1. Foundational Definitions and Theoretical Scope

Systematic generalization, sometimes termed compositional generalization, is distinguished from i.i.d. generalization by its focus on structured out-of-distribution (OOD) extrapolation: a model, trained on a subset of all possible compositions of primitives, must generate correct outputs for previously unseen but permissible recombinations (Li, 2022, Wold et al., 19 May 2025). Precise definitions vary per domain, but canonical instances include:

Language: After seeing verbs {walk, jump} and adverbs {cautiously, quickly} in some combinations, the learner must predict the meaning of "jump cautiously" having never seen it during training (Ruis et al., 2020, Mondorf et al., 2 Apr 2025).
Vision and VQA: The ability to answer about new pairs "red cylinder" or "left_of blue triangle" when all constituent attributes/relationships occurred in isolation or different pairings at train time (Bahdanau et al., 2018, Bahdanau et al., 2019, Rahimi et al., 2023).
Reinforcement Learning: Solving planning tasks in unseen environments whose transition dynamics factor into shared and environment-specific causal mechanisms (Mutti et al., 2022).
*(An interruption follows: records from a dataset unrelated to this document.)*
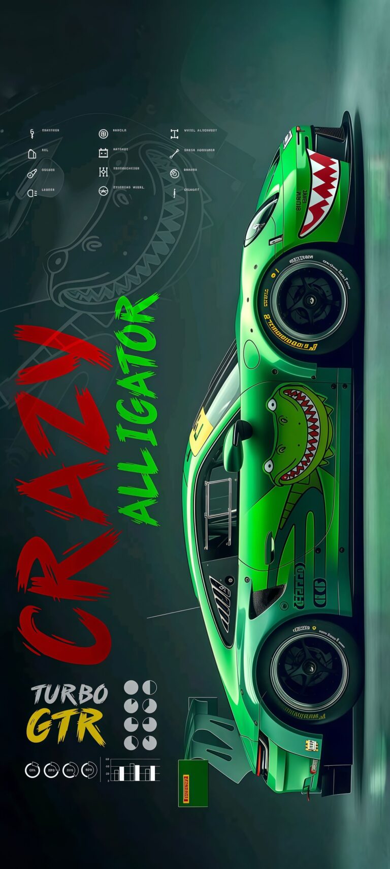 Get ready for some prehistoric power with the legendary “Rexy” Porsche! This is a fantastic digital illustration of the fan-favorite race car, the Porsche 911 GT3 R (Type 992), campaigned by AO Racing. It’s instantly recognizable by its wild, aggressive lime green dinosaur livery, complete with stylized teeth on the front fascia and tiny T-Rex arms on the doors. The dark, intense background makes the vibrant color pop, capturing the car’s aggressive on-track attitude. This is the perfect, one-of-a-kind wallpaper for any fan of IMSA or WEC racing!
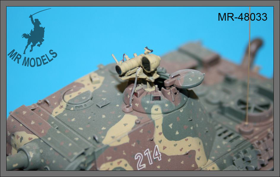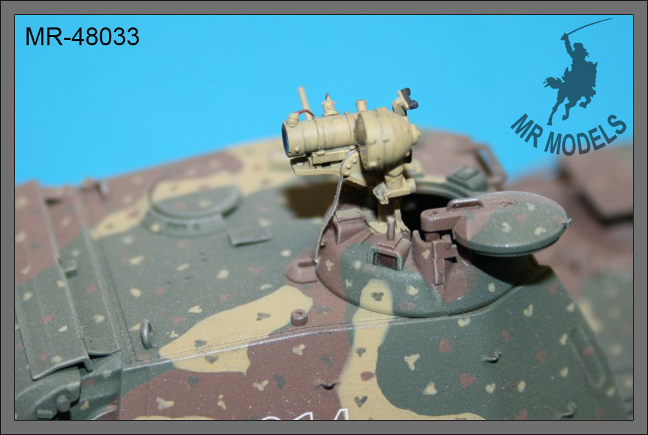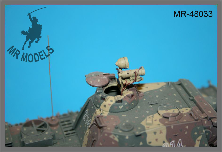 Das Set MR-48033 von MR Modellbau beinhaltet zwei präzise gefertigte Infrarot Bildwandlergeräte im Maßstab 1:48, passend für den Panther G. Diese Zusatzgeräte wurden im späten Zweiten Weltkrieg zur Nachtsicht eingesetzt und sind ein wichtiges Ausstattungsdetail für eine realistische Modellnachbildung. Das Set eignet sich perfekt als Ergänzung für den TAMIYA Panther G Bausatz.
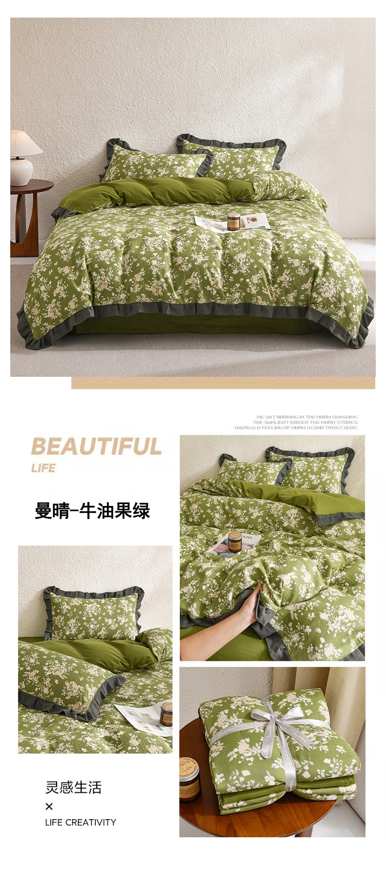 (总)金艾草 2024新款水洗全棉浮雕提花床盖四件套,圣罗纳-灰,片叶情-豆绿,罗曼-浅绿,蜀锦-茉莉白,轻颜-珊瑚粉
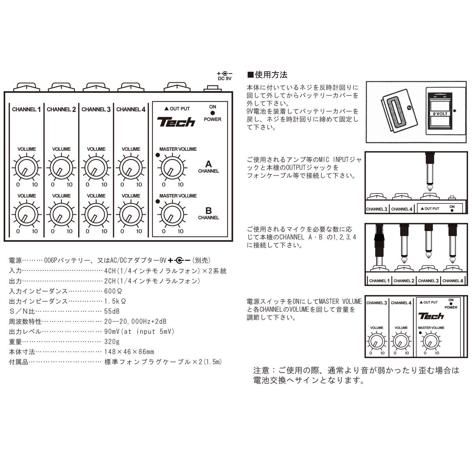 TECH 8ch マイクロミキサー 1.2mケーブル X 2付属 TM-8の検索結果

Mathematically, one typical formalization is: for input space $X$ , output space $Y$ , and some compositional splitting of $X$ , a model $f: X \to Y$ achieves systematic generalization if, trained on $(x,y)$ pairs from a restricted $p_\text{train}(x,y)$ , it outputs correct $y$ for all $x$ in a test set that comprises novel combinations of primitive factors seen during training (Wold et al., 19 May 2025). Quantitatively, the systematic generalization gap is often measured as $\Delta = \text{Acc}_\text{train} - \text{Acc}_\text{ood}$ (Rahimi et al., 2023).

2. Inductive Biases and Architectural Mechanisms

Systematic generalization critically depends on the presence of correct inductive biases in the learner. Several mechanisms and classes of architectures have been studied:

Symbolic and Hybrid (Neural-Symbolic) Approaches

Symbolic methods and hybrid systems—such as Neural-Symbolic Recursive Machines (NSR) (Li et al., 2022)—hardwire or induce compositional structure explicitly. NSR constructs a latent Grounded Symbol System: a directed tree whose nodes encode symbols with semantic values, learned jointly with neural perception, syntactic parsing, and semantic program induction modules. Its deduction–abduction learning algorithm iteratively samples and refines tree-structured symbolic representations, introducing inductive biases of equivariance and recursive compositionality via pointwise, factorized likelihoods.

Other neural-symbolic frameworks include Neural Module Networks (NMN), with explicit program-defined module layouts whose degree and location of modularity is a key determinant of systematic generalization (D'Amario et al., 2021, Bahdanau et al., 2018).

Attention and Relational Mechanisms

Edge Transformers (Bergen et al., 2021) augment the Transformer paradigm with edge-centric representations and triangular attention, enabling explicit compositional chaining over relations (edges) in a discrete or relational structure—addressing the shortfalls of standard self-attention and GNN message-passing for recombining relational primitives.

Modular and Compositional Models

Chart-based parsers (Bogin et al., 2020), meta-learned compositional architectures (Mondorf et al., 2 Apr 2025), and tree-structured NMNs (Bahdanau et al., 2018) introduce explicit or induced intermediate representations corresponding to compositional structure (e.g., constituent parse trees, functional programs, or modular reasoning layouts), substantially boosting systematicity in both language and visual grounding domains.

3. Data Distributional Properties as Inductive Bias

Inductive bias is also imparted by data properties. Systematic generalization can be heavily influenced—even enabled—by specific properties of the training distribution (Rio et al., 27 Feb 2025, Rahimi et al., 2023). Key observed factors:

Diversity: Expanding the support size of latent factors (e.g., increasing the number of unique colors or adverbs in the training data) reduces reliance on spurious statistical associations and forces the learner to disentangle attributes, yielding large gains (up to +89% OOD accuracy) (Rio et al., 27 Feb 2025, Rahimi et al., 2023).
Burstiness and Interventions: Controlled within-context attribute diversity (burstiness) and random per-sample interventions break co-occurrence biases, further encouraging factorized representations (Rio et al., 27 Feb 2025).
Mutual Information and Parallelism: Systematic generalization is strongly predicted by normalized mutual information (NMI) between latent factors in the data; lower NMI prompts more parallel, analogy-friendly neural geometries (Rio et al., 27 Feb 2025).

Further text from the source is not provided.